Key words: A.S. Pushkin, emigrants, cultural and religious life, Pushkin heritage.
CO
о
О ^
о ю
0
1 <
(О X S
3 о;
В культурной жизни российской эмиграции «первой волны» (1920-1930-х гг.) исключительное место занимало творческое наследие А.С. Пушкина, его поэтический гений. Для эмигрантов А.С. Пушкин символизировал высочайший уровень, достигнутый русской литературой. Для беженцев, оказавшихся вдали от родины и сохранявших ностальгические воспоминания о России, А.С. Пушкин значил чрезвычайно много. Произведения его очень трудно было переводить на другие языки, и русские люди в изгнании считали его исключительно своим, его стихи не только легко заучивались, но и способствовали сохранению чистоты русского языка, по сути, были важным средством против ассимиляции, денационализации русских на чужбине. Вот почему Александр Сергеевич Пушкин стал символом русской национальной культуры в российском зарубежье.
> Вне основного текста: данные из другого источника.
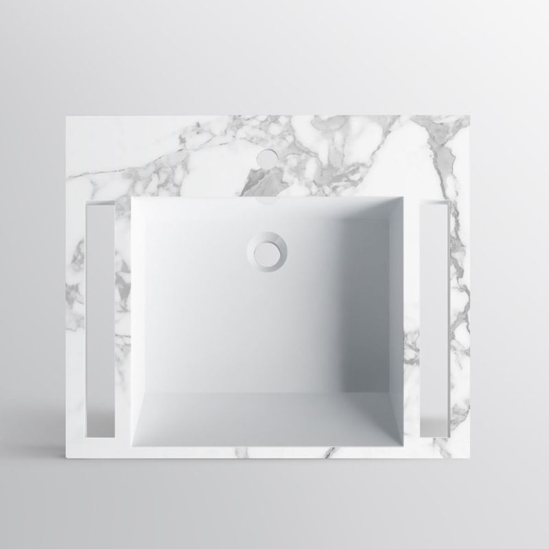 Das Carrara Arabescato-Finish ist von der natürlichen Schönheit edler Steine inspiriert und besticht durch feine, silbergraue Maserungen auf einem glänzend weißen Hintergrund. Dieses Marmordesign verleiht dem Waschbecken eine klassische Eleganz mit moderner Note – perfekt für anspruchsvolle Badgestaltungen. Die Gelcoat-Schutzschicht verstärkt die Widerstandsfähigkeit, sorgt für eine angenehme Haptik und schützt die Oberfläche vor täglicher Abnutzung.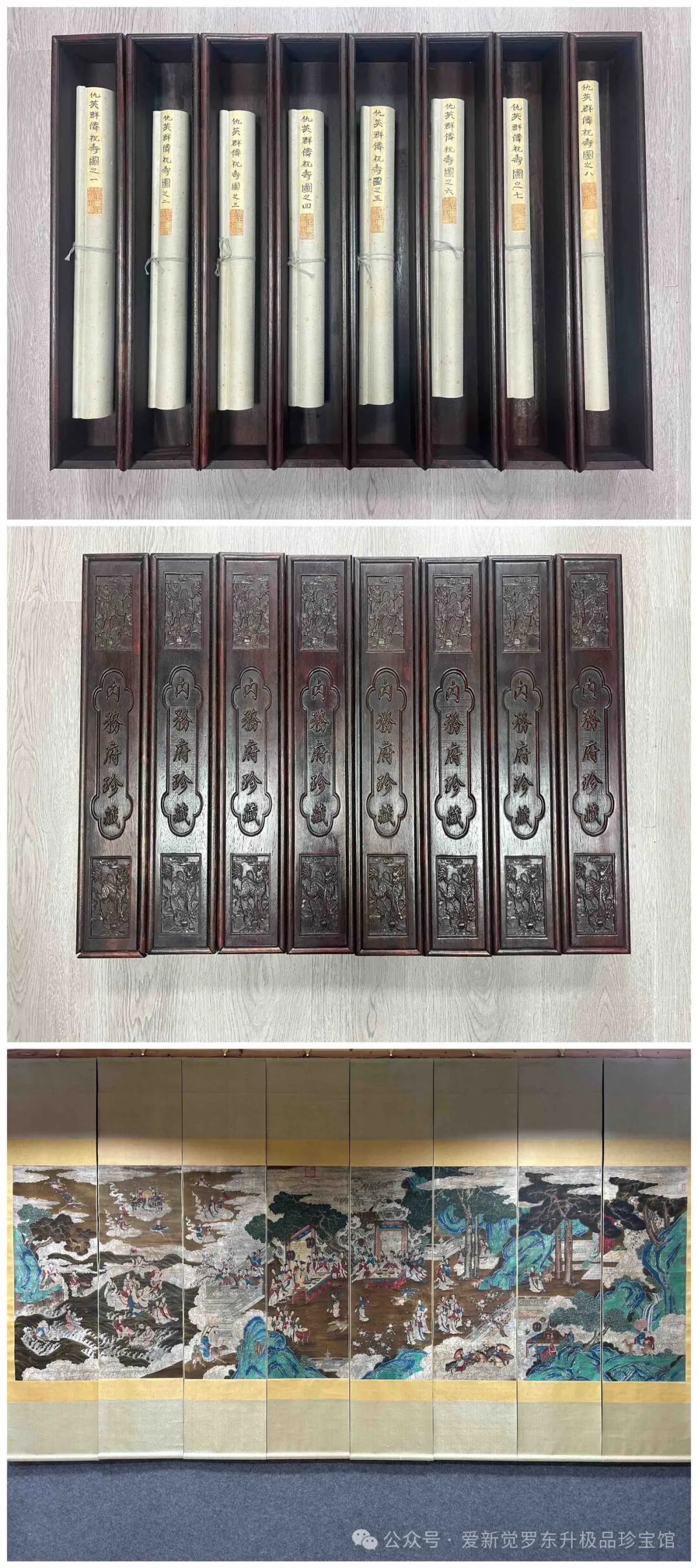 旧藏.明.仇英.精品丝绢(群仙祝寿图)画心尺寸:47cm*120cm。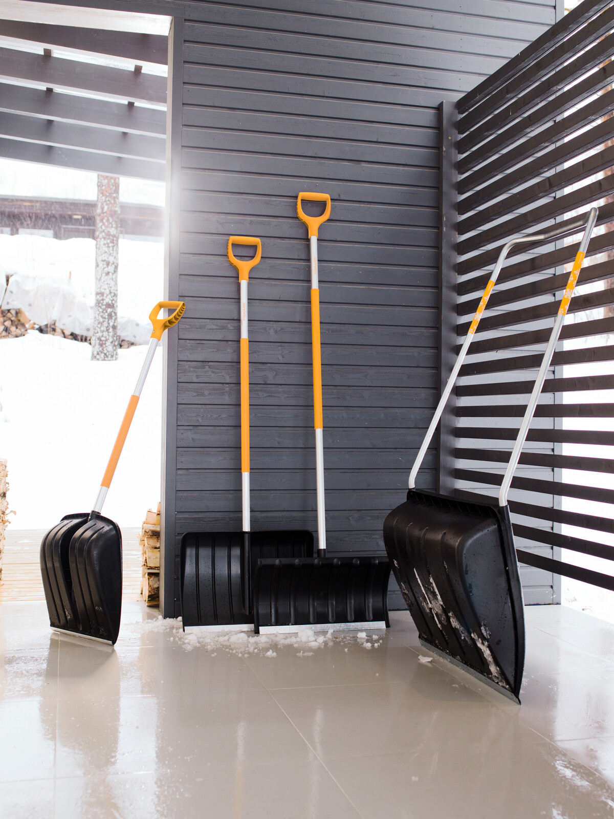 Скрепер для прибирання снігу Fiskars SnowXpert має легку алюмінієву ручку з помаранчевим пластиковим покриттям помаранчевого кольору на тактильній рукоятці. Ергономічна ручка забезпечує зручний і міцний захват для самої товстої руки в рукавичці, а лопатка з армованого поліпропіленового пластику легка, але жорстка, що дозволяє складати більш легкі шари снігу в купи. Цей інструмент, як і інші інструменти з лінійки SnowXpert, відрізняється новою запатентованою конструкцією леза, що включає жорсткий сталевий стрижень всередині, що збільшує жорсткість леза і збільшує термін служби, забезпечуючи кращу і довговічну продуктивність до трьох разів довше, ніж існуючі рішення.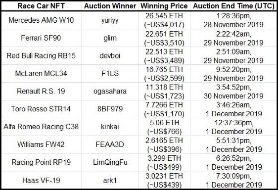 赛车区块链游戏《F1® Delta Time》F1 ®官方NFT赛车拍卖会于12月1日落下帷幕,10辆赛车同时以荷兰式拍卖的形式售出,起拍价30ETH。

Уже в январе 1920 г. писатель Михаил Алданов в первом номере парижского общественно-литературного журнала «Грядущая Россия» подчеркнул: «Пуш-
кин, рядом с Толстым, - высшее достижение России в области искусства, Герцен последних лет, умудренный тяжелыми уроками, освободившийся от наивных иллюзий, - ее высшее достижение в области политической мысли. В этих своих вершинах русская культура равняется с самым высоким из того, что было дано культурой мировой, - и с мировой общечеловеческой культурой теснее всего сливается» [5, с. 177].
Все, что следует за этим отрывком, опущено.